For each of the 9 bacterial host genera, we built a model to predict new viruses that are potentially capable of infecting the corresponding host. In order to evaluate the performance of a supervised learning method, we needed to partition the data into training data and testing data. Instead of using cross-validation as in most studies, we designed a more realistic scenario to predict future new discoveries of viruses infecting the host given previously knowing infectious viruses. Table 1 shows the positive training data and positive testing data as before and after the chosen cutting year, respectively. The negative training data and the negative testing data were chosen randomly without overlaps from the viruses that were not identified to infect the corresponding host. The sizes of positive training/testing and negative training/testing data were set equal. Besides, in order to reduce the variation of performance introduced by selecting negative training data and negative testing data, we selected the negative data randomly for 50 times. The performance of any method was measured as the average performance over 50 repeats with different negative training and testing data.

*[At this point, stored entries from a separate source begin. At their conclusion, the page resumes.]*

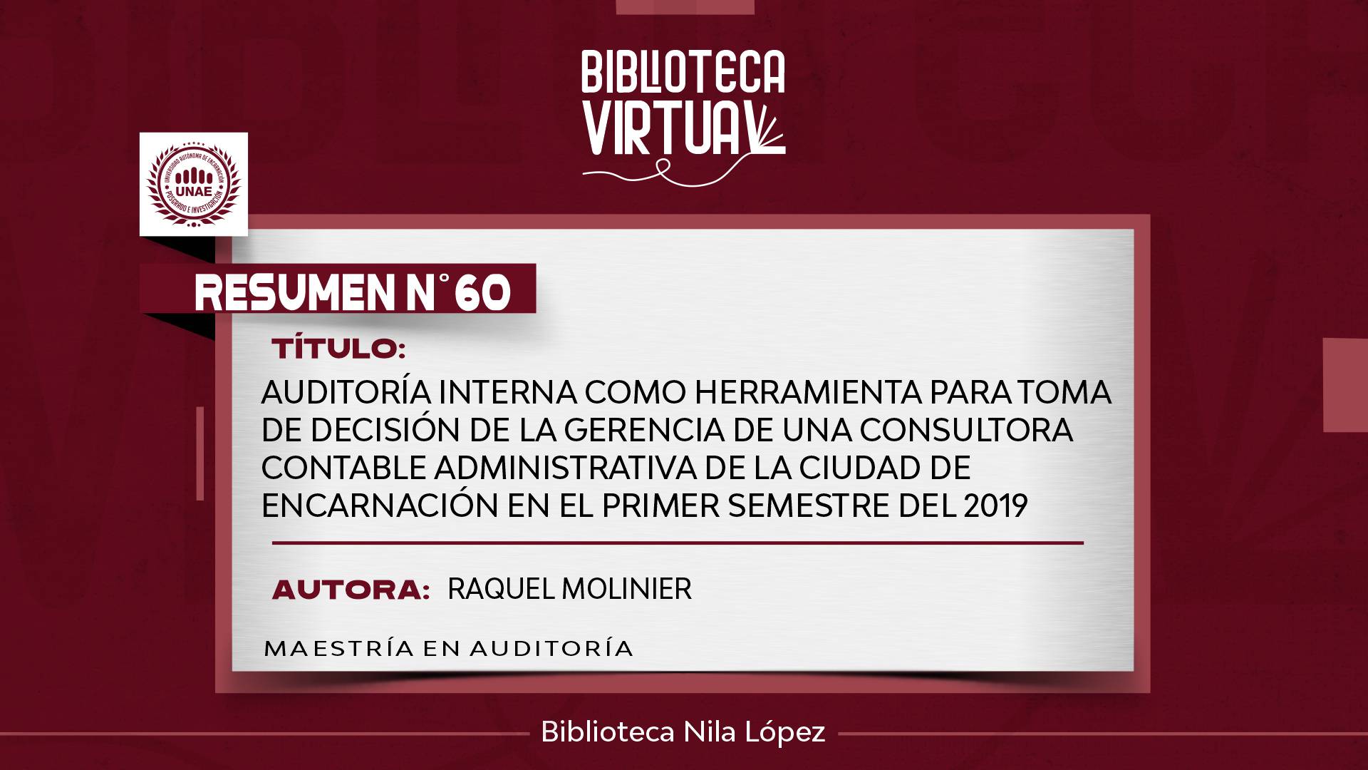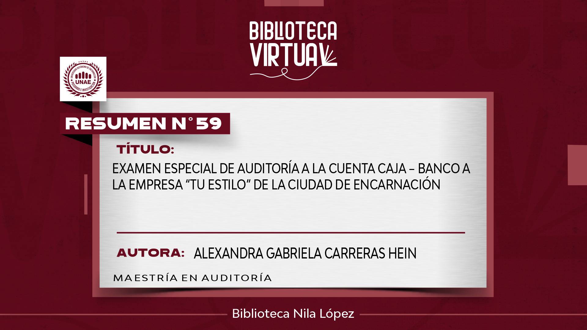 PROGRAMA DE POSGRADO: MAESTRÍA EN AUDITORÍA Y CONTROL
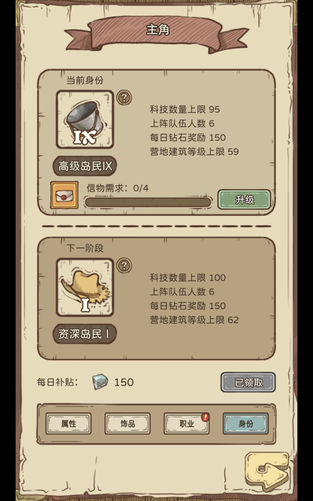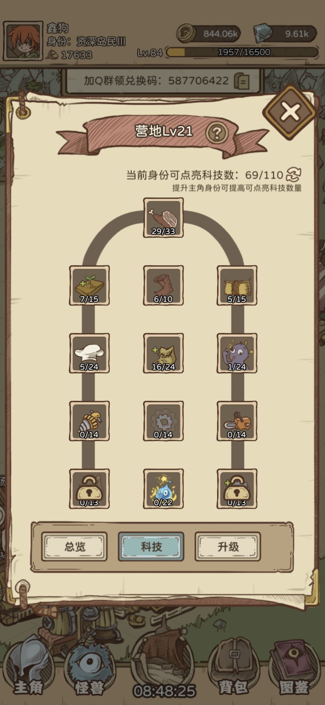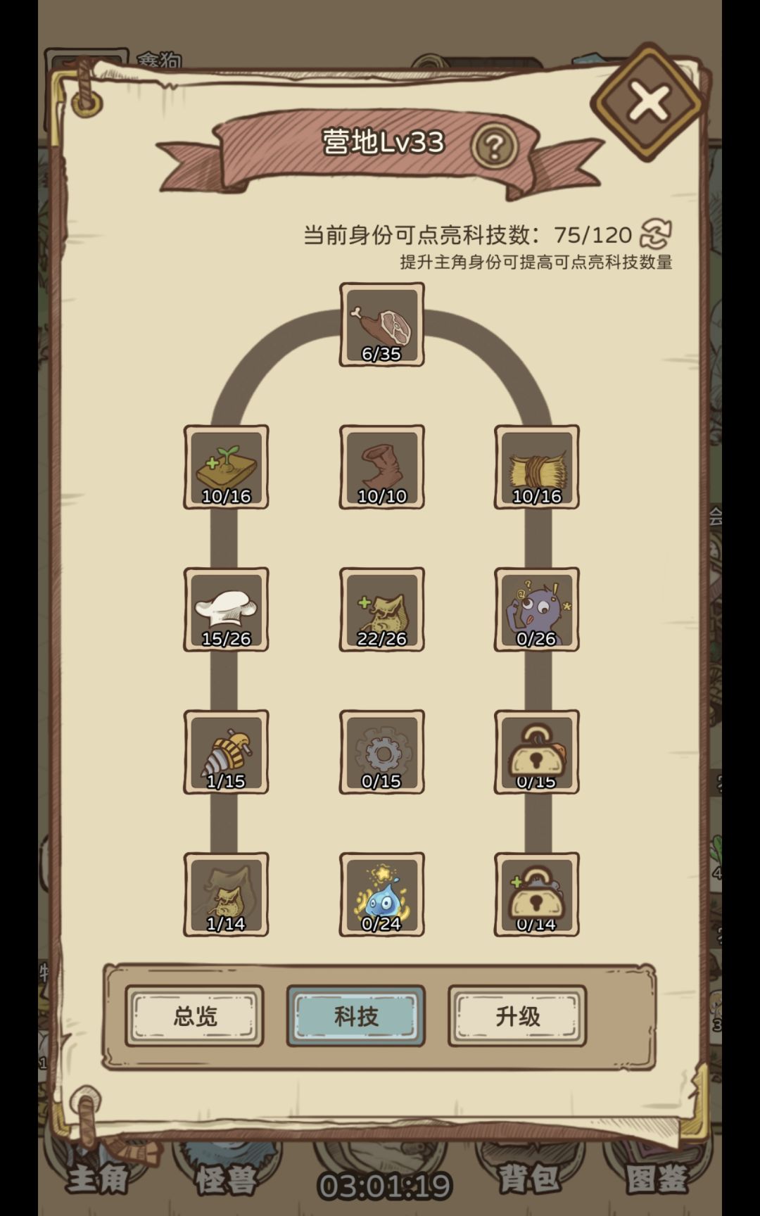 游戏内的主要设施之一,营地等级决定了看广告给的金币收益以及农田及其他设施的最大等级,科技优先选择口粮上限(提升跑图推图上限),其次是负载回复(增加商人公会每分钟回复的可售卖物品数量),其他的按照个人需求点即可,前期营地优先升到十一级,因为会送你两个生产建筑上限(每十级赠送两个位置),后续直接十一级拉到二十一级
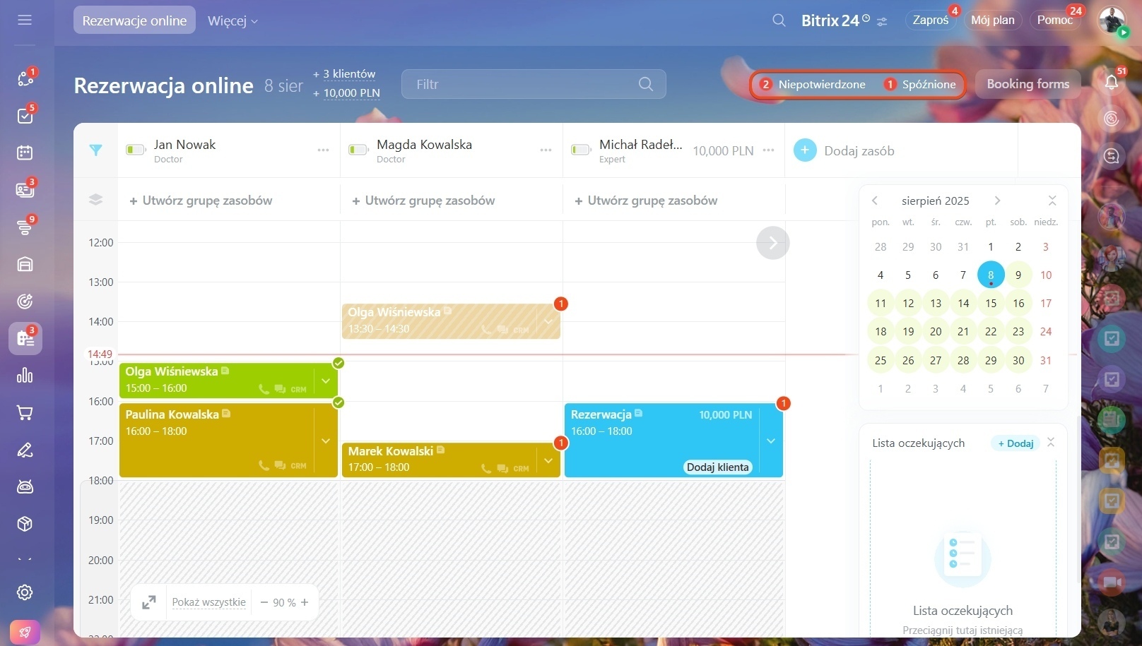 — Czerwona kropka pod datą: Rezerwacje wymagające uwagi.
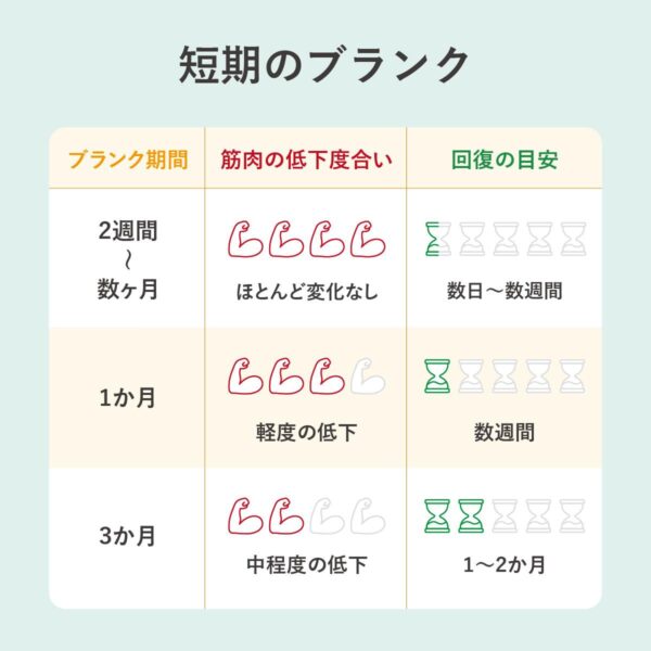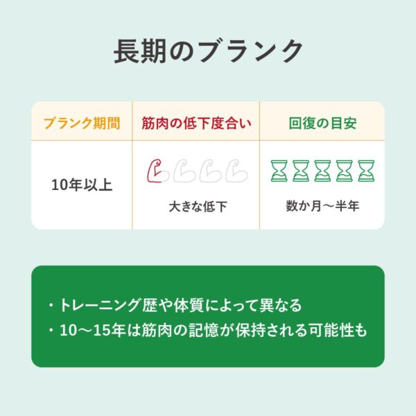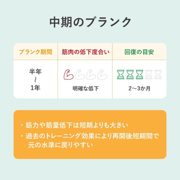 半年から1年程度のブランクでは、筋力や筋量の低下は短期の場合よりも大きくなる。しかし、過去のトレーニング効果が残っているため、再開後は比較的短期間(2〜3か月)で元の水準に戻る可能性は高い。

Table 1 Description of the training and testing data

In addition to identifying the optimal machine learning methods for predicting virus-host infectious associations, we also applied our best prediction method to estimate the fraction of true infectious associations (reliability) in viral tagging experiments [26, 27]. Viral tagging is a new high throughput experimental procedure for detecting viruses infecting a particular host.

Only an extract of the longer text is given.